** Provided data follows **

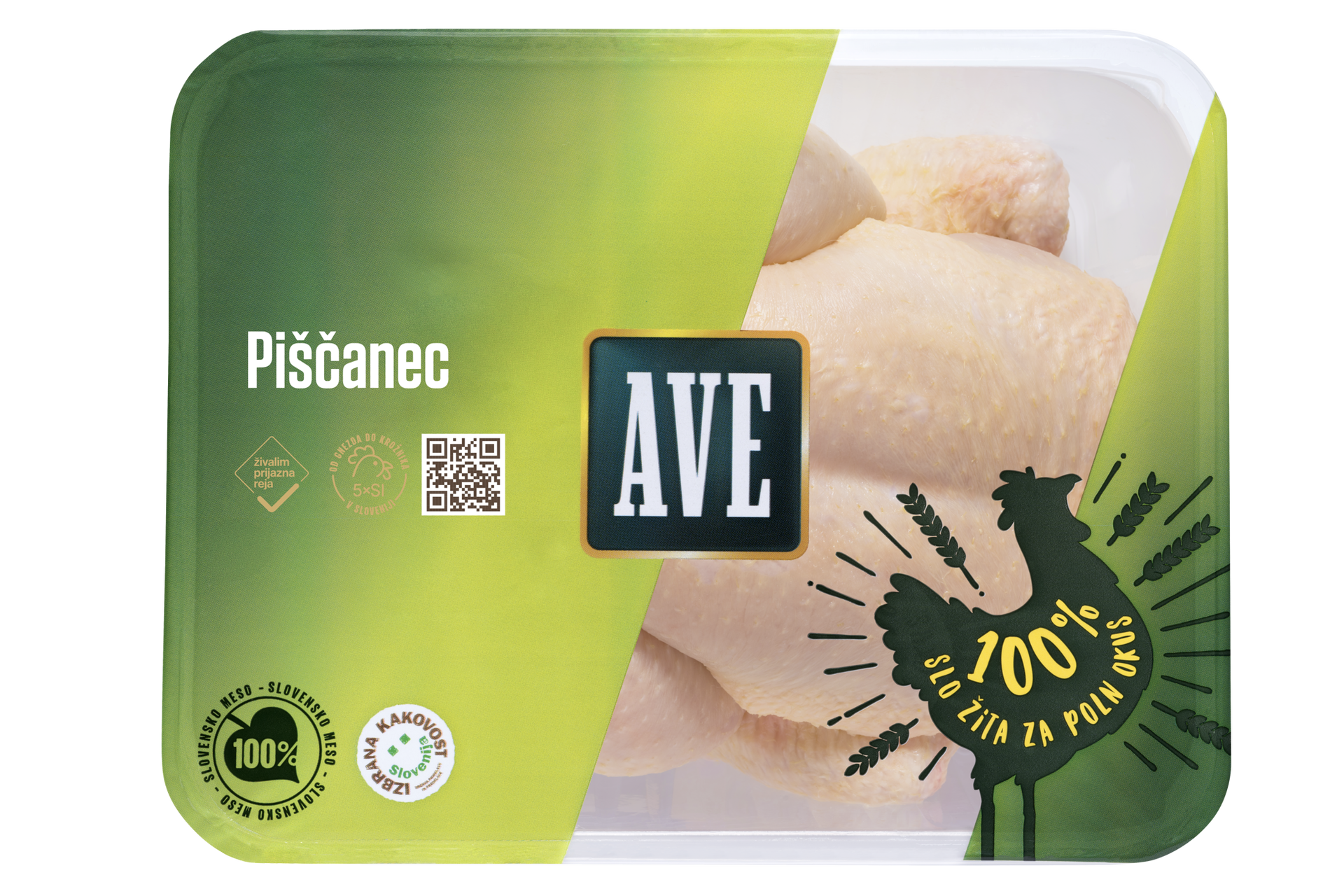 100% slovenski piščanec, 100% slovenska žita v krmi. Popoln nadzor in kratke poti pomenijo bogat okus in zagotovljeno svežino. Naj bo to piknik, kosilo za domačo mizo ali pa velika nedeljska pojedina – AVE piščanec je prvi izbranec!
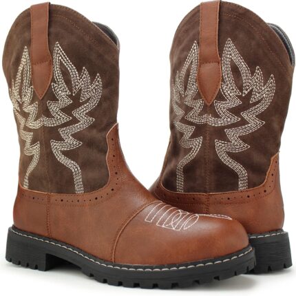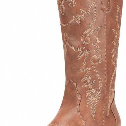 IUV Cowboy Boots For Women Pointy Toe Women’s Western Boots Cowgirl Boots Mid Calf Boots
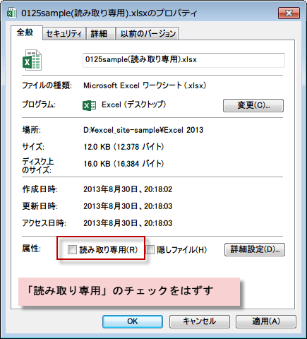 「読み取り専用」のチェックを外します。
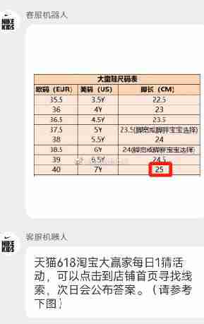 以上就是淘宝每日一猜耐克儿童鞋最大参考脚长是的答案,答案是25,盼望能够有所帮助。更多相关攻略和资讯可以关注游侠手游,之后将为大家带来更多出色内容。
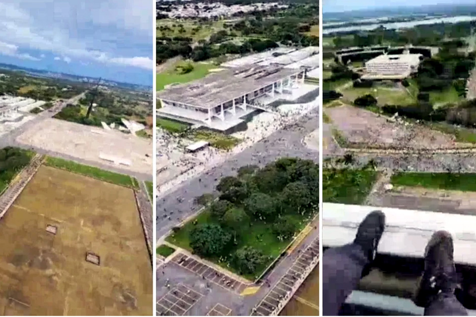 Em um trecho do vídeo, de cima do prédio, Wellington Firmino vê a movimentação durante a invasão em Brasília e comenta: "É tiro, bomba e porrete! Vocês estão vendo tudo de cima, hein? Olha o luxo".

** End of Provided data **

Problem requirements: Images are to be skipped, and each line above is to be returned exactly.

Task output:
 100% slovenski piščanec, 100% slovenska žita v krmi. Popoln nadzor in kratke poti pomenijo bogat okus in zagotovljeno svežino. Naj bo to piknik, kosilo za domačo mizo ali pa velika nedeljska pojedina – AVE piščanec je prvi izbranec!
 IUV Cowboy Boots For Women Pointy Toe Women’s Western Boots Cowgirl Boots Mid Calf Boots
 「読み取り専用」のチェックを外します。
 以上就是淘宝每日一猜耐克儿童鞋最大参考脚长是的答案,答案是25,盼望能够有所帮助。更多相关攻略和资讯可以关注游侠手游,之后将为大家带来更多出色内容。
 Em um trecho do vídeo, de cima do prédio, Wellington Firmino vê a movimentação durante a invasão em Brasília e comenta: "É tiro, bomba e porrete! Vocês estão vendo tudo de cima, hein? Olha o luxo".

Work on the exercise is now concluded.